Open: 08/13/10- Close: 08/27/10
My Dadís Crazier Than Your Dad: A Scientific Inquiry|
Reviewed for TheaterOnline.com By: Serena Pomerantz
Katharine Heller deserves much more than just a good review. She deserves much more than an outstanding review. She deserves a celebration in honor of her and her contributions in My Dad’s Crazier Than Your Dad: A Scientific Inquiry in the New York Fringe. The musical Sunday in the Park with George says, “Anything you do, let it come from you. Then it will be new” and Ms. Heller’s show achieves spectacularly in reminding us that we all have stories to tell. We all have our own ways of dealing with the hardships and victories that we have and telling them in a play is one of the many ways. So many people worry when they set out to create any kind of art that it won’t be original and innovative. However, if one lets a story come authentically and truly from them, then of course it will be new. There are plenty of plays about crazy families, but Ms. Heller’s story about her crazy family is her own and not an imitation of any other play. She tells her own story from her and, as a result, it is completely fresh and exciting.

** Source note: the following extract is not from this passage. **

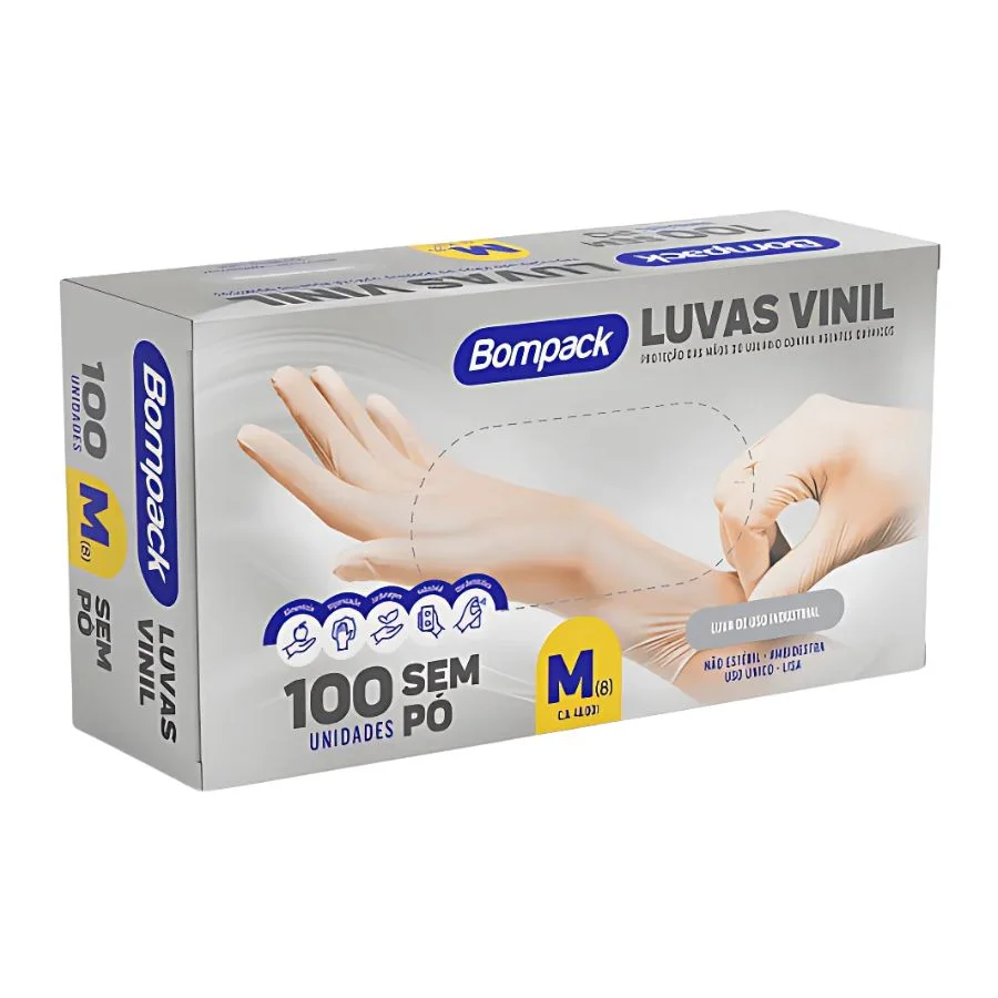 As Luvas de Vinil Bompack tamanho M oferecem segurança, conforto e praticidade no manuseio de alimentos, higiene e limpeza. Sem pó, evitam reações alérgicas e proporcionam proteção eficiente.

My Dad’s Crazier Than Your Dad is Katharine Heller’s one-woman show (and true story) about how she believes her dad is crazy. Through video clips, anecdotes, photographs, and charts, she scientifically attempts to prove that her dad is crazier than anyone else’s dad. She finds a way to make a disturbing story entertaining, but not so entertaining that people don’t process the intensity and gravity of what she is saying. An audience member may come out delighted by the way the story was told, but also, he or she may come out suddenly appreciating the little things in life and the fact that their dad did not put a dead rat in one of their beds or fake his own death (both of which Ms. Heller’s father did).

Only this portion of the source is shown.